This is the conditional probability that we are still metastable at time t given metastability has already occurred. The probability that we both enter metastability and have not exited at time t is

$$ \begin{array}{*{20}c} {P\left( {still\,metastable,t} \right) = P\left( {metastability} \right).P\left( {metastable,t} \right)} \\ {P\left( {still\,metastable,t} \right) = \frac{{T_{m} }}{{T_{2} }}e^{ - t/\tau } } \\ \end{array} $$

So if metastability occurs, what is the probability that the metastability has not resolved a full cycle later:

$$ P\left( {still metastable,T_{2} } \right) = \frac{{T_{m} }}{{T_{2} }}e^{{ - T_{2} /\tau }} $$

And the rate of this event is

$$ R\left( {still metastable,T_{2} } \right) = \frac{{T_{m} }}{{T_{1} T_{2} }}e^{{ - T_{2} /\tau }} $$

Leading to an MTBF of

$$ MTBF = \frac{{T_{1} T_{2} }}{{T_{m} }}.e^{{T_{2} /\tau }} $$

Substituting for the typical values:

$$ \begin{array}{*{20}c} {T_{m} = 10\,{\rm ps}} \\ {T_{1} = 2\,{\rm ns}} \\ {T_{2} = 1\,{\rm ns}} \\ {\tau = 20\,{\rm ps}} \\ \end{array} $$

Gives an MTBF of

$$ \begin{array}{*{20}c} {MTBF = \frac{{T_{1} T_{2} }}{{T_{m} }}.e^{{\frac{{T_{2} }}{\tau }}} = \frac{2000*1000}{10}*e^{{\frac{1000}{10}}} ps} \\ {MTBF = 1.7\times10^{20} billion\,years} \\ \end{array} $$

Thus, if we observe the output after a full cycle has passed and a failure occurs due to metastability, the same failure would recur only after billions of billions of years, which we can safely say is as good as “never”.

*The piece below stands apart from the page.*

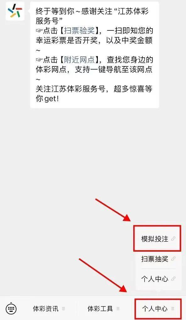 体验券使用流程:进入『江苏体彩服务号』菜单栏【个人中心】-【代金券列表】→ 找到可用体验券,出示动态二维码即可核销使用。

Thus, the simplest solution to metastability is not to sample inputs incoming from clock domain 1 at the edge of clk2, but to delay such sampling a whole period of clk2. This might sound wasteful, but it has a pipeline-like nature that means we do not actually “waste” the extra period.

However, finding a systematic way to communicate using this result is difficult. We will do so in the next section. And along the way, we will discover that using this approach to synchronize the two clock domains is only viable for very occasional communications. Burst communication requires different hardware.

13.9 Synchronization

1.
Use a two register synchronizer
2.
Understand scenarios for the two register synchronizer
3.
Trace handshaking using synchronizers
4.
Design an asynchronous FIFO
5.
Understand the conservative nature of synchronizers in asynchronous FIFOs
6.
Understand when asynchronous FIFOs are useful.

Limiting metastability by introducing a cycle of delay is best done in practice by passing data coming from clk1 through two cascaded registers using clk2. Because the output Q2 in Fig. 13.51 samples Q1 a whole cycle later, the MTBF of metastability at Q2 is huge as derived in Sect. 13.8.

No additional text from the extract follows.